— Assignment —
Since only the words are wanted, reproduce every entry exactly and leave the images behind.

Stored dataset items
▶

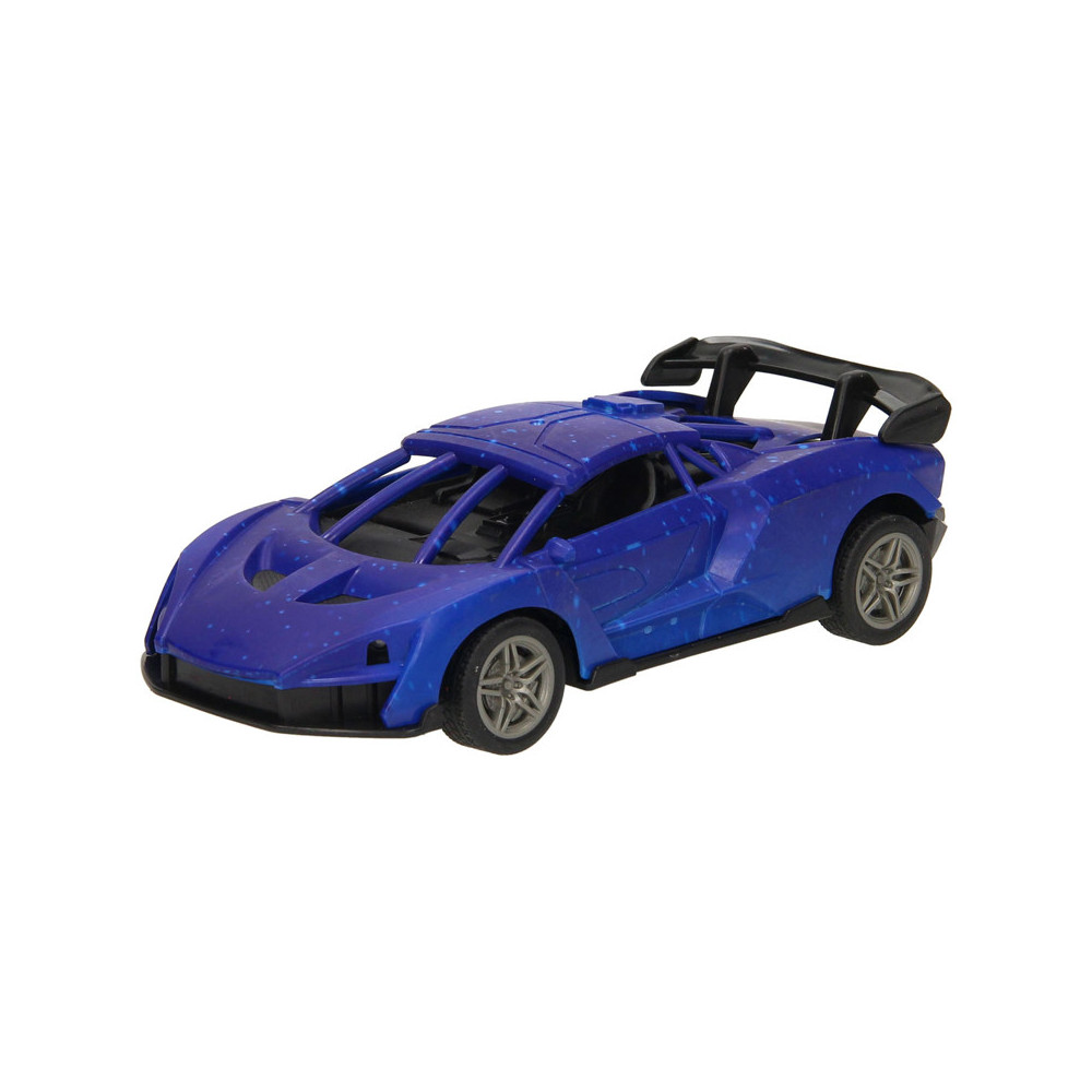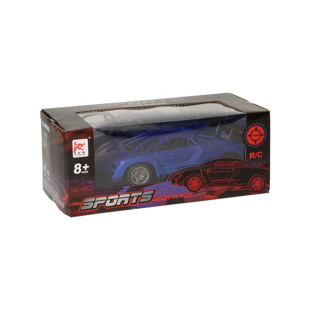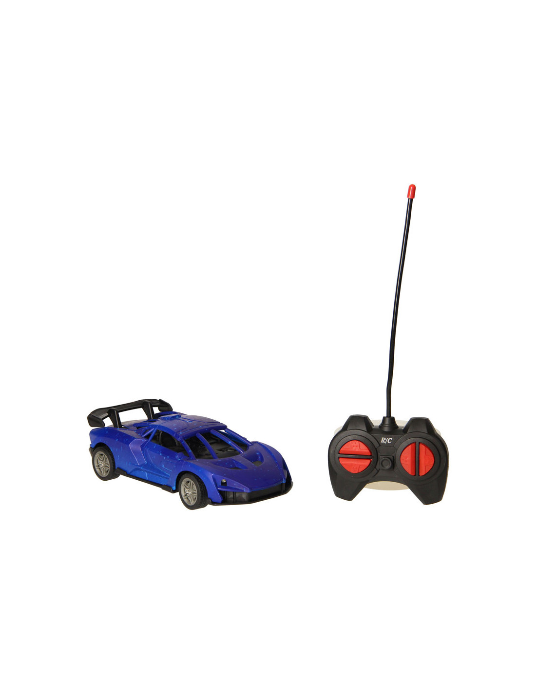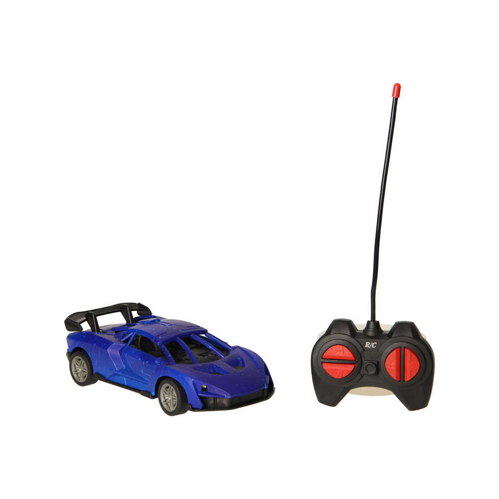 Ga de weg op met deze stoere Blauw/zwarte RC racewagen. De auto is 19 x 8,5 x 5,5 centimeter groot en geschikt voor kinderen vanaf 6 jaar. Werkt op 5 AA batterijen (niet inbegrepen).
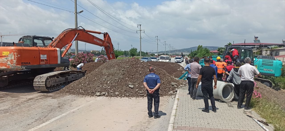 Bölgeye sevk edilen itfaiye ve AFAD ekipleri, toprak altındaki işçiyi kurtarmak için çalışma başlattı.
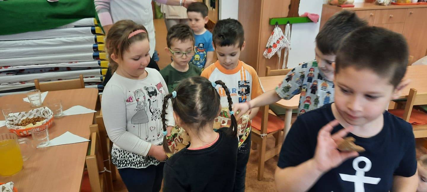 Az egyik anyuka küldött a csoportnak egy kosár mézeskalácsot. Mivel kevesen voltunk, láttuk, hogy sok lesz ez nekünk, ezért a szomszéd csoportot megvendégeltük vele, ők pedig egy kis sós sütivel kedveskedtek nekünk cserébe, meghálálták a jószívűségünket.
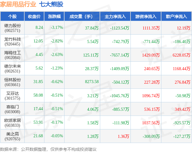 个股表现方面,家居用品行业当日领跌股为德力股份(002571),该股当日报收8.24,下跌3.17%,成交量37.84万,主力资金净流出1123.54万元。龙竹科技(920445)以下跌2.82%紧随其后,该股当日成交量5.54万,主力资金净流出742.79万元。除此之外,海鸥住工(002084)、德尔未来(002631)、恒林股份(603661)均进入当日熊股之列。具体个股列表见下表:
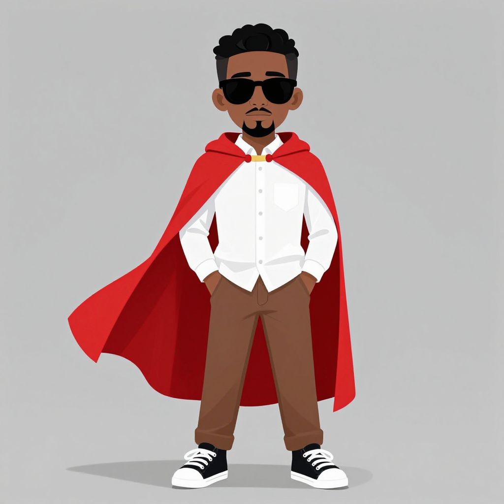 Cartoon-style drawing of a dark-skinned man with curly hair, beard, black sunglasses, white shirt, brown pants, red cape, and black
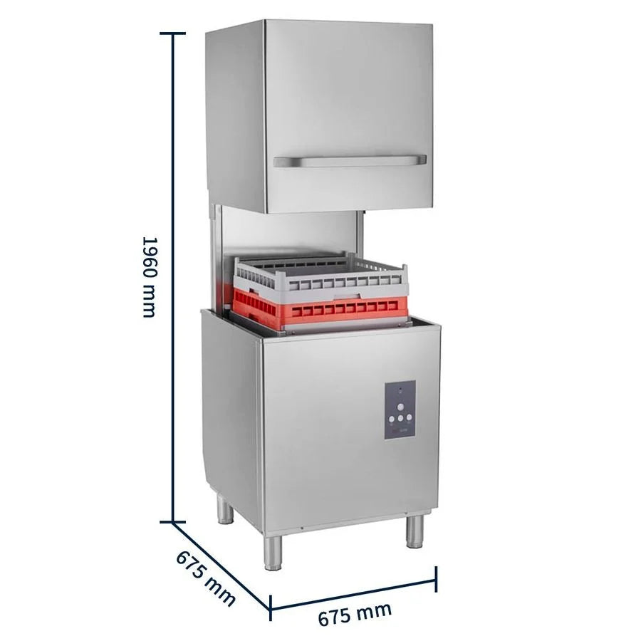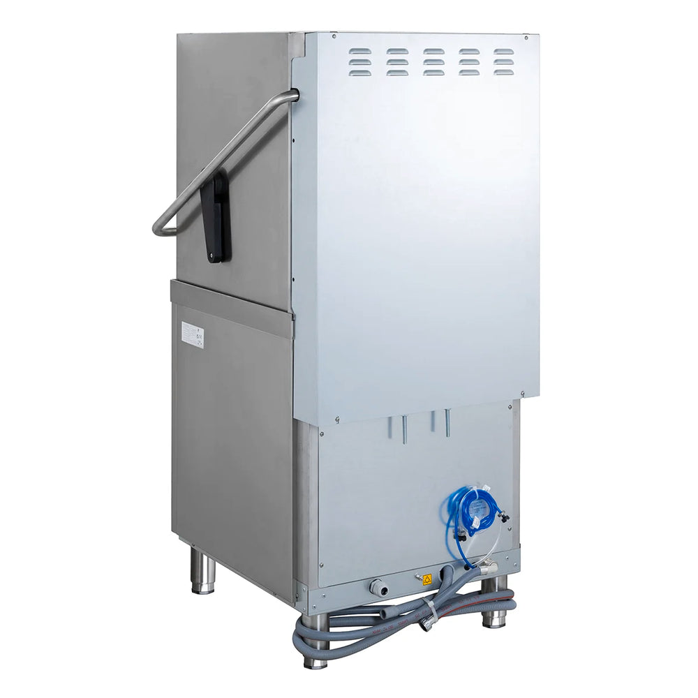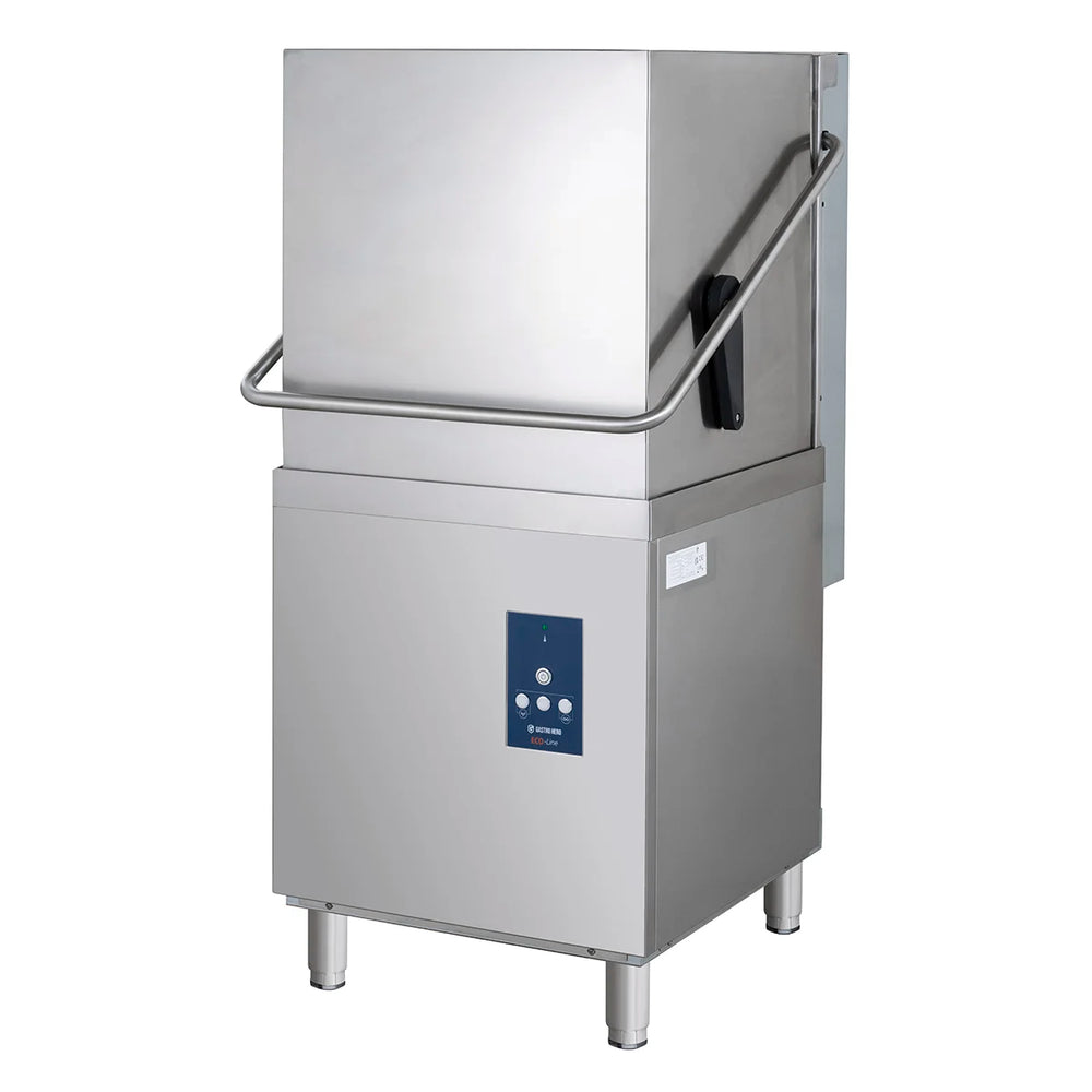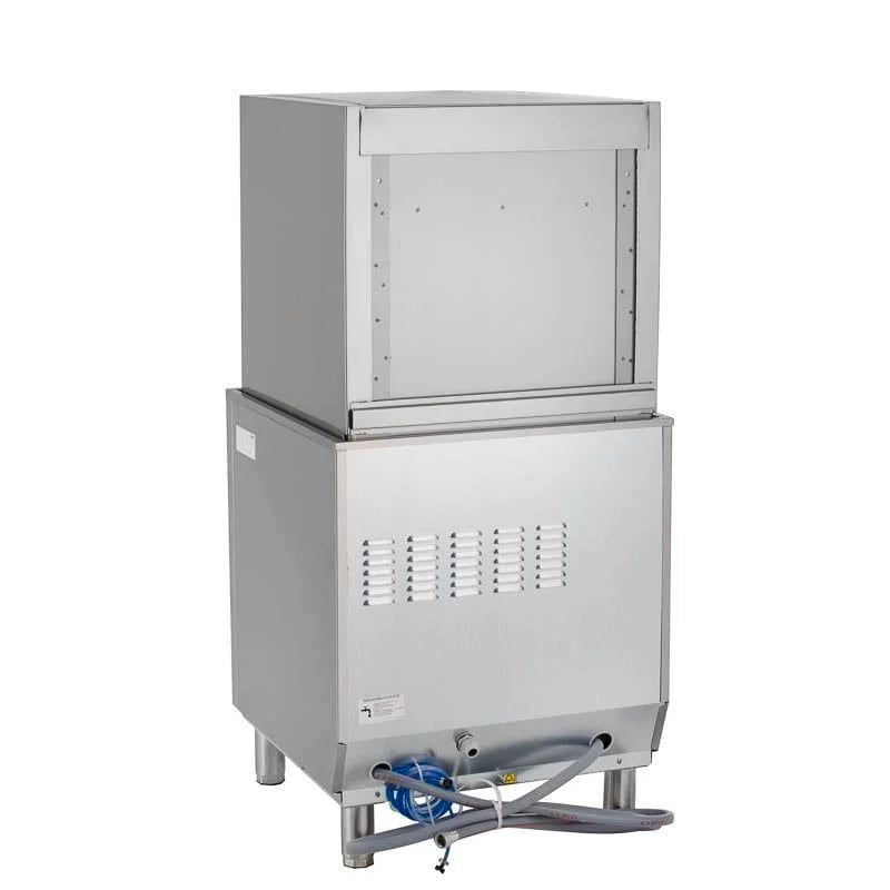 Lave-vaisselle à capot ECO avec dimensions de panier de 50x50 cm, équipé d'un doseur de détergent et de rinçage, avec pompe de vidange, fabriqué en Europe, 400 volts.

◀

— Response area —
 Ga de weg op met deze stoere Blauw/zwarte RC racewagen. De auto is 19 x 8,5 x 5,5 centimeter groot en geschikt voor kinderen vanaf 6 jaar. Werkt op 5 AA batterijen (niet inbegrepen).
 Bölgeye sevk edilen itfaiye ve AFAD ekipleri, toprak altındaki işçiyi kurtarmak için çalışma başlattı.
 Az egyik anyuka küldött a csoportnak egy kosár mézeskalácsot. Mivel kevesen voltunk, láttuk, hogy sok lesz ez nekünk, ezért a szomszéd csoportot megvendégeltük vele, ők pedig egy kis sós sütivel kedveskedtek nekünk cserébe, meghálálták a jószívűségünket.
 个股表现方面,家居用品行业当日领跌股为德力股份(002571),该股当日报收8.24,下跌3.17%,成交量37.84万,主力资金净流出1123.54万元。龙竹科技(920445)以下跌2.82%紧随其后,该股当日成交量5.54万,主力资金净流出742.79万元。除此之外,海鸥住工(002084)、德尔未来(002631)、恒林股份(603661)均进入当日熊股之列。具体个股列表见下表:
 Cartoon-style drawing of a dark-skinned man with curly hair, beard, black sunglasses, white shirt, brown pants, red cape, and black
 Lave-vaisselle à capot ECO avec dimensions de panier de 50x50 cm, équipé d'un doseur de détergent et de rinçage, avec pompe de vidange, fabriqué en Europe, 400 volts.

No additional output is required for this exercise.